Firefox Browser Successfully Compiled to WebAssembly, Runs Within Another Browser
A project by Puter has successfully compiled the Firefox browser to WebAssembly (WASM), enabling it to run within another web browser. The team selected Firefox's Gecko engine due to its robust single-process architecture. This innovative demonstration showcases a blog running inside a Firefox instance, which itself is operating within WebAssembly, all hosted inside the Chrome browser. The development process reportedly cost approximately $25,000, utilizing Claude Opus and Fable tokens, alongside a Claude Max subscription. To facilitate network communication for the WASM-based browser, all traffic is routed through a WebSocket protocol, specifically using the Wisp protocol, via Puter's server.
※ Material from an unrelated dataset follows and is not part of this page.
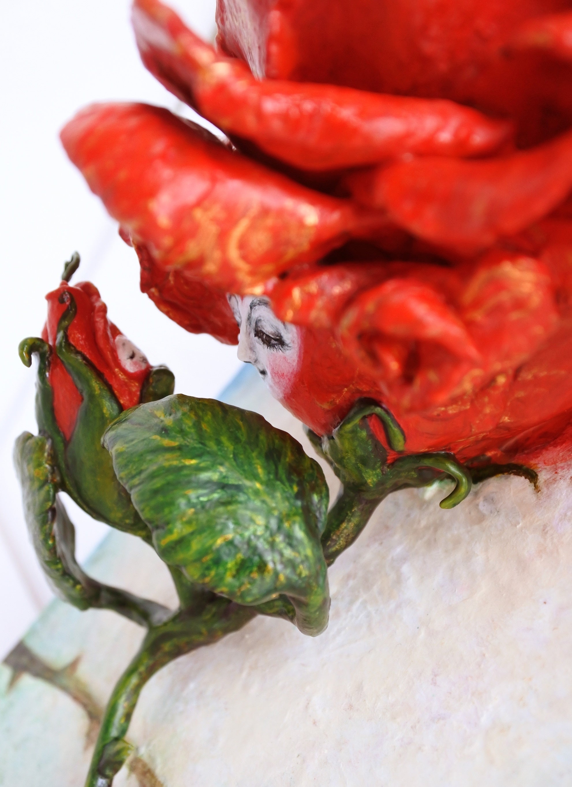 花にも感情がある。真っ赤なバラを親子に見立て、母の強い愛をバラで表現しています。

This proxying is necessary because code executing within a browser's sandbox environment is restricted from initiating direct, arbitrary network connections. The team experienced increased server load due to traffic spikes during discussions on Hacker News about the project. Puter asserts that the system supports end-to-end encryption, which appeared to be validated by inspecting WebSocket messages; traffic to HTTPS sites was encrypted, while requests to plain HTTP sites were unencrypted. A related project, theogbob/WebkitWasm, has also compiled the WebKit browser to WASM, though it does not currently offer a public online demonstration.
This technical feat highlights the increasing maturity and capabilities of WebAssembly as a compilation target, allowing complex applications like full browsers to run in sandboxed environments. The necessity of a WebSocket proxy for network access reveals inherent limitations in browser security models, prompting consideration of how future web standards might address such inter-environment communication needs more natively. The project's reliance on AI models for development, as indicated by the use of Claude Opus and Fable tokens, points towards a growing trend of AI-assisted programming in complex software engineering. While demonstrating impressive technical prowess, the architecture raises questions about performance overhead, resource consumption, and the long-term viability of running entire applications within other applications, particularly concerning security implications and the potential for unintended system interactions as both the host and guest environments evolve.
AI-generated to prompt reflection — not editorial opinion, not advice, not a statement of fact. How this works.